- Other names: Hobnail hemangioma
- Specialty: Dermatology

= Targetoid hemosiderotic hemangioma =

Targetoid hemosiderotic hemangioma, also known as a hobnail hemangioma, is a skin condition characterized by a central brown or purplish papule that is surrounded by an ecchymotic halo. It may appear similar to melanoma. It was first described by Santa Cruz and Aronberg in 1988.

== Signs and symptoms ==
Targetoid hemosiderotic hemangioma manifests as a single, tiny, reddish-violaceous to brown targetoid lesion that can grow centrifugally in the acute phase is encircled by a hemorrhagic halo. The halo may vanish in later phases, leaving just a central papule. There have been reports of certain cases without targetoid development. Targetoid hemosiderotic hemangioma typically develops over the trunk and extremities. The majority of these lesions have a diameter of less than 1 cm.

== Causes ==
Although the precise etiology of targetoid hemosiderotic hemangioma is uncertain, trauma has been suggested as one of the primary causes of the targetoid look. Trauma may result in the production of microshunts, wherein the capillary pressure fills the lesion's lymph spaces with erythrocytes, hence promoting the formation of aneurysmal microstructures. There would be interstitial hemosiderin deposits, fibrosis, and inflammation if certain efferent lymphatic veins were blocked. These tumors may potentially be amplified by hormones.

== Diagnosis ==
Red or reddish-blue lakes are clearly visible on dermoscopy, depending on how much of the dermis is involved. Hemorrhagic crusts can also be observed as black macules.

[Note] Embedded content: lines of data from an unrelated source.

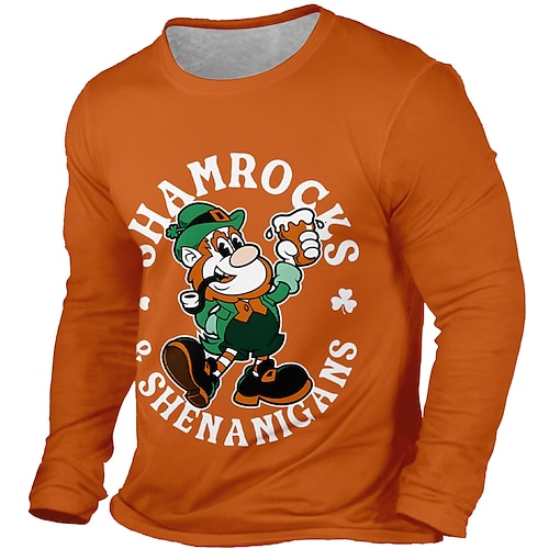 San Patrizio Per uomo Grafico Birra dell'Oktoberfest folletto Maglietta Camicia a Maniche Lunghe Manica Lunga maglietta Stampa 3D Girocollo Camicia Sport Moda Designer Feste Giorno di San Patrizio
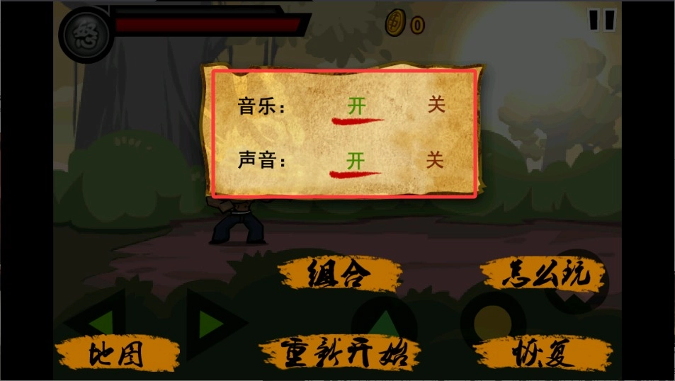 《功夫战士》的故事设定在山里的一个小村落,村中住着一位老武师和他的徒弟。某一天,一帮土匪闯入村子,老武师为了保护村民,不幸惨遭杀害。目睹师父遇害,徒弟悲愤交加,立下复仇誓言,随后便握紧拳头踏上了复仇之路。 这款游戏属于横版格斗类型,玩家操控这位徒弟一路过关斩将,在游戏过程中,玩家可以学习15套连招,会遭遇27关各具特色的敌人,每关还有实力强劲的守关角色。在战斗过程中,击败怪物能够获得金钱,利用这些金钱购买技能,能让攻击伤害更高。游戏画面十分绚丽,角色施展招式时,动作特效噼里啪啦,极具视觉冲击力。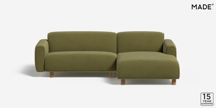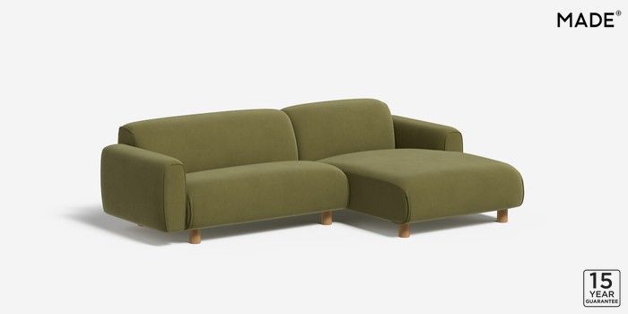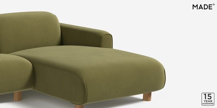 6.12.1 Diego by Made Medium Sofa Chaise - Right Hand Matt Velvet Easy Clean Fern Green Round - Oak | Made Click here to use our website with more accessibility support, for example screen readers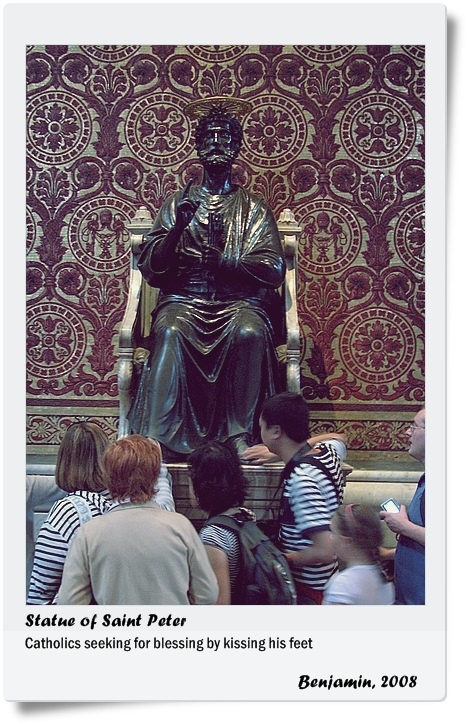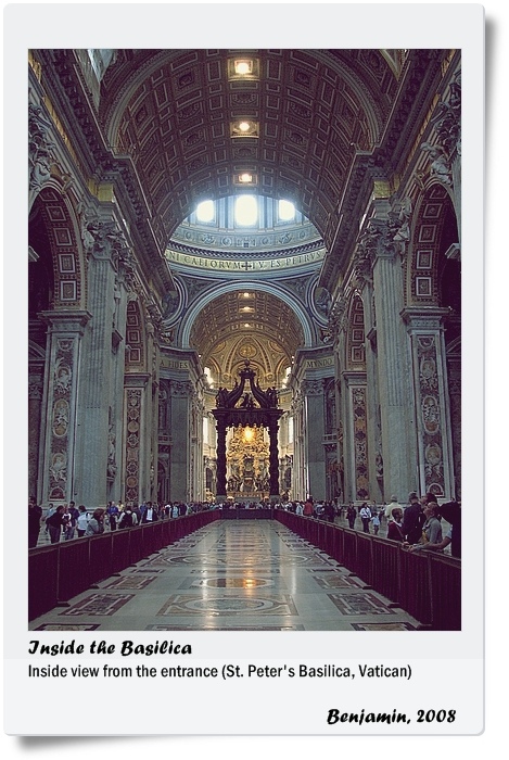 聖彼德教堂裡永遠都是爆滿觀光客, 有些人是來參觀(就像我), 而有些人是來朝聖. 在教堂的地下室是歷代教宗的墓, 裡面禁止拍照. 繞了一圈後發現許多人甚至會跪在上任教宗約翰保祿二世(J. Paul II)墓前默哀非長久的一段時間, 他們虔誠之心真是讓我感到非常敬佩.

Depending on the developmental stage at which the lesion was biopsied, histology varies. There is a biphasic pattern in the early stages: in the papillary dermis, the vascular spaces are dilated and slit-like, resembling lymphatic vessels, which are concentrated around sweat glands and frequently form small hemangiomatous nodules, dissecting the collagen bundles. In the deep dermis, the vascular spaces are angulated and slit-like, resembling lymphatic vessels, with solid intraluminal projections and a hobnail appearance. There are fibrin thrombi, inflammatory lymphocytic aggregates, and extensive red blood cell extravasation. Later stages show significant hemosiderin deposition in the stroma, fibrosis, and a collapsed appearance of the arterial lumen.

Clinical differential diagnoses include infantile hemangioma, melanocytic lesions, tufted angioma, insect bite, Kaposi sarcoma, erythema multiforme, and dermatofibroma, depending on the stage of evolution. The histological differential diagnoses include epithelioid hemangioma, early Kaposi's sarcoma, progressive lymphangioma, and well-differentiated angiosarcoma.

== Treatment ==
Simple excision is curative and enables for accurate histological diagnosis. These lesions are solely removed for diagnostic or cosmetic purposes because the condition is benign.